中朝国境地域で保衛指導員が軍需品工場の従業員を脱北させようとして逮捕された。北朝鮮当局はこれを「スパイ事件」とみなして責任者を追求する方針だ。

咸鏡北道(ハムギョンブクト)のデイリーNK内部情報筋はこの事件について次のように伝える。

「咸鏡北道の保衛指導員が慈江道(チャガンド)の前川(チョンチョン)郡の軍需品工場で働いている従業員から金を受け取り脱北を幇助しようとして捕まった」

「国家安全保衛部ではこの事件を「スパイ事件」と断定し、その保衛指導員と警備責任保衛指導員を対象に調査を行っている」

慈江道の前川は「28機械工場」「11号工場」「65号工場」など軍需工場が密集している地域で、北朝鮮軍需産業の心臓部だ。国家安全保衛部は、保衛指導員が軍事関連機密を持ちだそうとしたスパイ事件と見ていると見ているのだ。

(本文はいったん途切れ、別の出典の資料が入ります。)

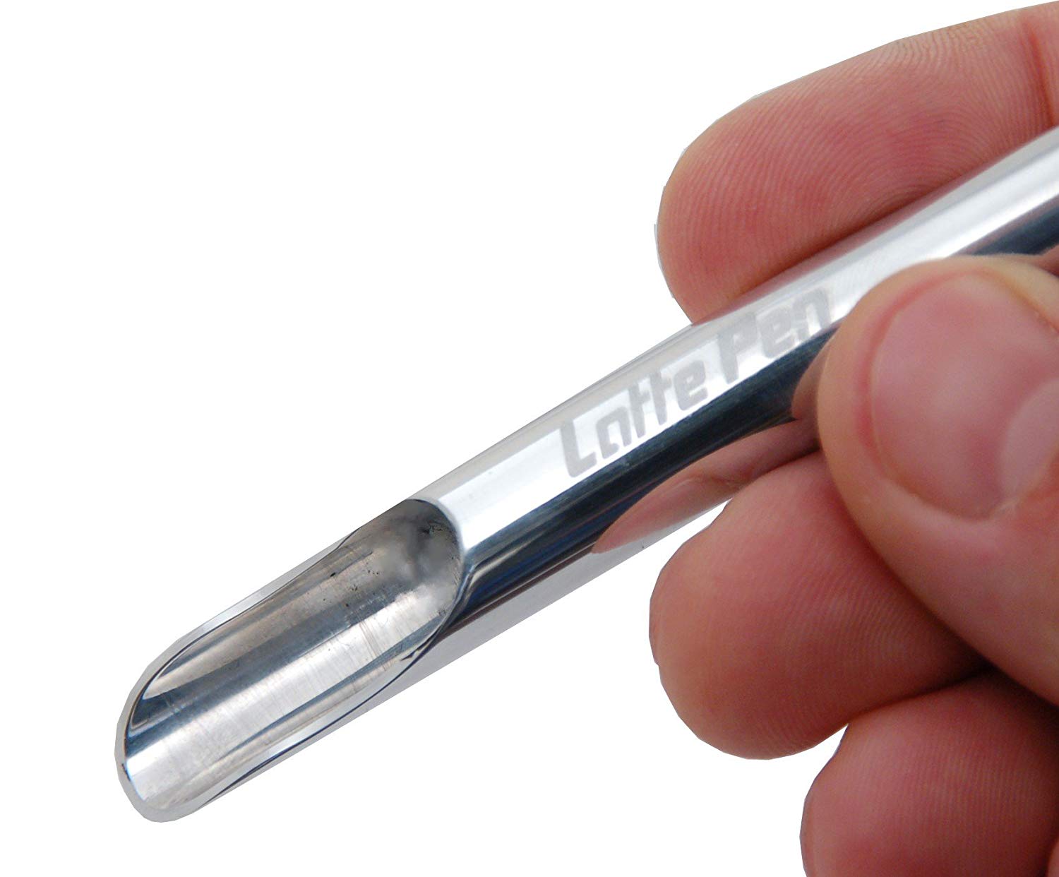 Deze lattepen combineert een melkschuimlepel en een tekenpen in één praktisch hulpmiddel. Zo kan je er meteen de meeste patronen mee maken.

「今回の事件は一般住民ではなく軍需品工場の従業員に保衛指導員、国境警備隊責任保衛員まで関与した事件なので保衛部は深刻に受け止めている」

「火の粉が飛んでくるのではないかと保衛部の幹部たちも緊張している」

「軍需工場での事件だけあって、保衛部の幹部のクビが飛ぶかもしれない」(内部情報筋)

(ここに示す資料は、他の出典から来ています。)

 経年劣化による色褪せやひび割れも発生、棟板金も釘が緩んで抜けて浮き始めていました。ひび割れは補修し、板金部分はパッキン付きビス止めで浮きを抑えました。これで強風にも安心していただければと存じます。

事件発覚に伴い保衛部は非常勤務体制に入り、住民監視が主任務の「保衛小組員」(人民班長、女性同盟幹部)は住民の動向を綿密に監視している。

ところが、庶民の反応は冷淡だ。

「連中は事件で大慌てだけど、俺達は収穫で大慌てだから気にしてる暇はない」

「保衛部でろくでもない事件が続発しているのは中が腐っている証拠」

「不法越境した密輸業者を処刑しているくせに保衛指導員だからって見逃せば保衛部のメンツは丸つぶれ」

「公正中立にやるつもりなら犯人を処罰すべき」(内部情報筋)

北朝鮮は今年初めに刑法を改正して、外部との電話連絡、脱北幇助は厳罰に処すことにした。今回の事件に対してどのような処罰が下されるか注目の的だと内部情報筋は語った。